Re: Proof 0.999... is not equal to one.

On May 31, 2:16 am, chaja...@xxxxxxxx wrote:
I have written a proof that 0.999... cannot be equal to one in the
system of real numbers.

While at the end of it all you may not fully agree with my proof, much
I as have never seen a proof asserting they were equal that I was able
to consider valid, I'm sure you will agree that the
ideas I present are not a simply rehashing of basic objections of
others before me.

It is available in several formats:http://www17.brinkster.com/chajadan/Math/Proofs/Proof1.dochttp://www17.brinkster.com/chajadan/Math/Proofs/Proof1.odthttp://www17.brinkster.com/chajadan/Math/Proofs/Proof1.txt

--Charles J. Daniels
chaja...@xxxxxxxx



You spend a lot of time on what you call the "classic proof".
However, what this is, is not a proof but a plausability
argument.

The stadard approach start out


1. define the real numbers (e.g.
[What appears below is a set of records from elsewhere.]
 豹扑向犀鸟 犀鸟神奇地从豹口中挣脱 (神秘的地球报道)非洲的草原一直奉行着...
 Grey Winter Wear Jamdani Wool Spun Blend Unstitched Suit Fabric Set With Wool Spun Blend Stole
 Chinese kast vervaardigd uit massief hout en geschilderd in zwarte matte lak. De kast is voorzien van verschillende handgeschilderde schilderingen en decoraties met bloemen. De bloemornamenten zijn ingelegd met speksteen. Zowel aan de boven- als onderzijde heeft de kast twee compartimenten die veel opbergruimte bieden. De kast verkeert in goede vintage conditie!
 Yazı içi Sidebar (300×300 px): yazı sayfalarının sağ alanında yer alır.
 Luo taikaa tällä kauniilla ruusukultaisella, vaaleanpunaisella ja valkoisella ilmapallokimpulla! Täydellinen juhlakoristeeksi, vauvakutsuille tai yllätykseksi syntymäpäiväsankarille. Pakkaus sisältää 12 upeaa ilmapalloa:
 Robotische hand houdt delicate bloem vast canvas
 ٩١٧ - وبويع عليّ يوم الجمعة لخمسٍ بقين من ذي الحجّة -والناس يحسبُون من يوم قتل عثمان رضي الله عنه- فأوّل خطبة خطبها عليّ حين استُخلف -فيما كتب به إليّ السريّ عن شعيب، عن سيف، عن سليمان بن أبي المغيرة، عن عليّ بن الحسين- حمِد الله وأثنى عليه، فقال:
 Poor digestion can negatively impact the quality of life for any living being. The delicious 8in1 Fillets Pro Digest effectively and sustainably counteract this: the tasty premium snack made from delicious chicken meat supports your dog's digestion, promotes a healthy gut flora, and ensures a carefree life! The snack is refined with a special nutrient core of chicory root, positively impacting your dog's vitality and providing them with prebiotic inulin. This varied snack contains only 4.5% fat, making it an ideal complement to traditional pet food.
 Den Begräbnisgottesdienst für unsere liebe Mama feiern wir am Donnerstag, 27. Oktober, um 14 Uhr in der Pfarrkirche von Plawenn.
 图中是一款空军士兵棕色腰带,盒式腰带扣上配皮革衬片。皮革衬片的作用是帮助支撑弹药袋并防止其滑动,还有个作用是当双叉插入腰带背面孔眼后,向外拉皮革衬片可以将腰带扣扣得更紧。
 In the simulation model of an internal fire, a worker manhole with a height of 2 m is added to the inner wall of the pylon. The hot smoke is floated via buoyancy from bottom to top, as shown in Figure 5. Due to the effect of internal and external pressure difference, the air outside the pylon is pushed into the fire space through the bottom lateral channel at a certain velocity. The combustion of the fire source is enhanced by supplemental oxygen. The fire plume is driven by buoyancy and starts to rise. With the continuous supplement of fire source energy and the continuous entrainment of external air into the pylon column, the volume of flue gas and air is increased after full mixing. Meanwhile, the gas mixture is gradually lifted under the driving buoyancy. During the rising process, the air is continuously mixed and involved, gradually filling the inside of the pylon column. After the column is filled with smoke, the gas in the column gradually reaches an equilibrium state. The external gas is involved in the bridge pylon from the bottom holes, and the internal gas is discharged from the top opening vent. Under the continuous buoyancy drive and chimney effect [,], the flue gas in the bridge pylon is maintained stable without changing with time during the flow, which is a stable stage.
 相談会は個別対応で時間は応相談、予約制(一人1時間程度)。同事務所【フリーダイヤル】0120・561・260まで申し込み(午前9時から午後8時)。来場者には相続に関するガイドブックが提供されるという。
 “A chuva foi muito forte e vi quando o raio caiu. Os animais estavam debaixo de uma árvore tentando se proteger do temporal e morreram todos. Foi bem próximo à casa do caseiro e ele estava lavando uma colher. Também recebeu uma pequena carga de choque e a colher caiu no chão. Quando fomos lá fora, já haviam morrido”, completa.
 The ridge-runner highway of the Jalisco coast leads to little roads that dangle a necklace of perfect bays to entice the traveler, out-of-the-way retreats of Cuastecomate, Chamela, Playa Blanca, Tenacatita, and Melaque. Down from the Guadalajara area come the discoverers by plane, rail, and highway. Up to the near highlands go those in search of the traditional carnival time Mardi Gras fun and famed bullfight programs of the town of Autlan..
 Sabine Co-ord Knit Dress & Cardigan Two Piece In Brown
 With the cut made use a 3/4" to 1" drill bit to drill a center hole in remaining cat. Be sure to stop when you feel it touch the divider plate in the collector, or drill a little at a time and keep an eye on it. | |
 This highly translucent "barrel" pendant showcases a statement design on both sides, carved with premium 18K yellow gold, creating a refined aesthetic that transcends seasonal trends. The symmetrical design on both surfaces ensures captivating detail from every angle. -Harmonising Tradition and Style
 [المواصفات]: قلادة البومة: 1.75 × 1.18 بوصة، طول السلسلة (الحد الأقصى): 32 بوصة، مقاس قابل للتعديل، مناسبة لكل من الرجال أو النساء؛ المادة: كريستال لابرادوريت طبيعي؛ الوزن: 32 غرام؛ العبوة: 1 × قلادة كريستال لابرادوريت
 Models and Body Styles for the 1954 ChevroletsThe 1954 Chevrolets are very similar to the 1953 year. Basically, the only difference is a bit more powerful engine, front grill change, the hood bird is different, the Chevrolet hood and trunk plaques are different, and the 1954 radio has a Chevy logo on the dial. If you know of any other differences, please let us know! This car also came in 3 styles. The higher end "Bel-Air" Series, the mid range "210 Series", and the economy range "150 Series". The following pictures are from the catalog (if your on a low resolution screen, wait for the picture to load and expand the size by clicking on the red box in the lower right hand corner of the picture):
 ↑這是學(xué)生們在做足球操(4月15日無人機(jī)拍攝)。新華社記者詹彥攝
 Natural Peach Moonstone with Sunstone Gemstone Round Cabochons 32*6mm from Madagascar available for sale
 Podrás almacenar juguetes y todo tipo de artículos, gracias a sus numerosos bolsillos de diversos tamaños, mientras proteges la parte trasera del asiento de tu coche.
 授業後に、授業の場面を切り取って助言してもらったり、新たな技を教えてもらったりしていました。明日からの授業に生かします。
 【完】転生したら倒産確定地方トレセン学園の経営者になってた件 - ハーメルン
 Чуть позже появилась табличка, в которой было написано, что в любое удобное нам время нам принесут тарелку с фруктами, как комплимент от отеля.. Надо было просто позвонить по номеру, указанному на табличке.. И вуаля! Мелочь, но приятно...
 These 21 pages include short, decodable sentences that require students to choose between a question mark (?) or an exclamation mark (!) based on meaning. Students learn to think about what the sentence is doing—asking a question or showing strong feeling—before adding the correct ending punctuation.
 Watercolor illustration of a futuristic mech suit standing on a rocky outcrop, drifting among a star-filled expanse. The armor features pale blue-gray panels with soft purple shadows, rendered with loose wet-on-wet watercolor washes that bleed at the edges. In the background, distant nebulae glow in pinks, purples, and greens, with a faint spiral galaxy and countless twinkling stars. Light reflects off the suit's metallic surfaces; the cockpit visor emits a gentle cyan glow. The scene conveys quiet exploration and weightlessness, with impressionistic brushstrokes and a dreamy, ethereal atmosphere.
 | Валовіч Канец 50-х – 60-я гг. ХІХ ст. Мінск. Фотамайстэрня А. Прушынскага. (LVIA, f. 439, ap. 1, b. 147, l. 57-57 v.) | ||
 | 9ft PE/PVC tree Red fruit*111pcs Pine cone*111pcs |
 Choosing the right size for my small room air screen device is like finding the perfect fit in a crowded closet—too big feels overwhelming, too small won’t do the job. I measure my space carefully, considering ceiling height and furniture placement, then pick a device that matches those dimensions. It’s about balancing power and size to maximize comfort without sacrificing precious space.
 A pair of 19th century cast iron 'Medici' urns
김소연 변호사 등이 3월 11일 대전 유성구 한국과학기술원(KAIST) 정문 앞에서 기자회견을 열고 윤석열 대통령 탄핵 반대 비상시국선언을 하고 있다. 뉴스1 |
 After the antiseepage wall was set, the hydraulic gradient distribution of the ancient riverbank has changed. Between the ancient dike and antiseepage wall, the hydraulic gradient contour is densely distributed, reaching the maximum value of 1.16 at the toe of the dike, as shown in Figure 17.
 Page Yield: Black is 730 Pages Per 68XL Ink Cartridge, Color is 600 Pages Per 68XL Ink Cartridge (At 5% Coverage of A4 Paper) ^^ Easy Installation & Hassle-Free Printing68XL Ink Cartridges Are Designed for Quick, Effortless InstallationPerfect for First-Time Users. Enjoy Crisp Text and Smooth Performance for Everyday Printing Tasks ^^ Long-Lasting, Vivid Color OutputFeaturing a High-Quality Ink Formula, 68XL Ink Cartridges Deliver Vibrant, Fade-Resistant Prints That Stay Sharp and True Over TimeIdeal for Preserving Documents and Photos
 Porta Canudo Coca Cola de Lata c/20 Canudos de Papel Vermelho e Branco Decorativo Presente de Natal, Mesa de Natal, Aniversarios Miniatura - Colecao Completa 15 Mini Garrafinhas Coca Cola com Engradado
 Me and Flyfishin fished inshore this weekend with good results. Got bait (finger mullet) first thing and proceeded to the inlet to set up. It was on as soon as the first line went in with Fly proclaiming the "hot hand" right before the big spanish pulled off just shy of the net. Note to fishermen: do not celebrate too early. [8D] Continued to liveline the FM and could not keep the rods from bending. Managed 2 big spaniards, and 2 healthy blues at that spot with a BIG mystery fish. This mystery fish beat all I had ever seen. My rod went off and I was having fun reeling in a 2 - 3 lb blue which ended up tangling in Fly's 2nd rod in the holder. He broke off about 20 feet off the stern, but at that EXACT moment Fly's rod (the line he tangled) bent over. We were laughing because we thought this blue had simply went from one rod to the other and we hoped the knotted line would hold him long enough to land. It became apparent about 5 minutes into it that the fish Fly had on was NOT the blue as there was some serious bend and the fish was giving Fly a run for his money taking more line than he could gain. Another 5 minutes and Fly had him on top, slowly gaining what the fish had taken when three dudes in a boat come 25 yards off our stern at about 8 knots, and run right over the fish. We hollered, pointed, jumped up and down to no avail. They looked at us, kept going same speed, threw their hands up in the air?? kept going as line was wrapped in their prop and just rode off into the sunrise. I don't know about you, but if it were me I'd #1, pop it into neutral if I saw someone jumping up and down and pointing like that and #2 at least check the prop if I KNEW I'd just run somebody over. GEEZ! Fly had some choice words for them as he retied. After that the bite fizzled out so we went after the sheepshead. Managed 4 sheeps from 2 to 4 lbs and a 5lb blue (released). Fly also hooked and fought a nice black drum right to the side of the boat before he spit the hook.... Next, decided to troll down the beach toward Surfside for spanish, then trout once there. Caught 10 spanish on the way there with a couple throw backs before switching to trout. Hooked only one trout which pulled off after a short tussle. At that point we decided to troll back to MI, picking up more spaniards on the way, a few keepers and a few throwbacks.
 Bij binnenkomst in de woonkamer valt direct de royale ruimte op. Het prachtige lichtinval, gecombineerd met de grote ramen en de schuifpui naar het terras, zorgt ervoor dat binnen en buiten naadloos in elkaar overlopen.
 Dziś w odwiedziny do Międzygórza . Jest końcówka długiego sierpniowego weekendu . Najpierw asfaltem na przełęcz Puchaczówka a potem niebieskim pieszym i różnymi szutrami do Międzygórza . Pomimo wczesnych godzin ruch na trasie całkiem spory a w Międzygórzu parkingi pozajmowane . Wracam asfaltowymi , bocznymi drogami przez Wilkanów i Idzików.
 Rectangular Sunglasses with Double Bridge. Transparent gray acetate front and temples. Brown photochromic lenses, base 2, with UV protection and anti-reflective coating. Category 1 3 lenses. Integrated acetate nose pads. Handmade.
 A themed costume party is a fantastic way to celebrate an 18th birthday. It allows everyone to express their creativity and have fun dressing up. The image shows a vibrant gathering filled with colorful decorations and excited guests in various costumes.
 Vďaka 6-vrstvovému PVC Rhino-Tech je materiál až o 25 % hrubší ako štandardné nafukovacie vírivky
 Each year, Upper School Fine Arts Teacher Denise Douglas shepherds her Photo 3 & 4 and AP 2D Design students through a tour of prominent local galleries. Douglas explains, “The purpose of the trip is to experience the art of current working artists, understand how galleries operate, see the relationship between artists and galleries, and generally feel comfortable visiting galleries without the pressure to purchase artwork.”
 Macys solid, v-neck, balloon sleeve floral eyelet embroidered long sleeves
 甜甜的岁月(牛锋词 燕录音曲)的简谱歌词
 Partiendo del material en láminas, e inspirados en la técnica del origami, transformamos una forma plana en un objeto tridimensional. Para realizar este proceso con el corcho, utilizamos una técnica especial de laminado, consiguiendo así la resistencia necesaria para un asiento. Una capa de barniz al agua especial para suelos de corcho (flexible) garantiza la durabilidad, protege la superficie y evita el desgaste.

Dedekind cuts)

2. let a = 0.999... be a real number. We do not need
to give a full definition at this point
a<=1
and
a>(1-(1/10^n) for any natural number n
is sufficient.

3. Note that since the real numbers form a field, 1-a
must be a real number, call it d. Clearly d>=0,
and d<(1/10^n) for any natural number n.
The only real number with these properties is 0.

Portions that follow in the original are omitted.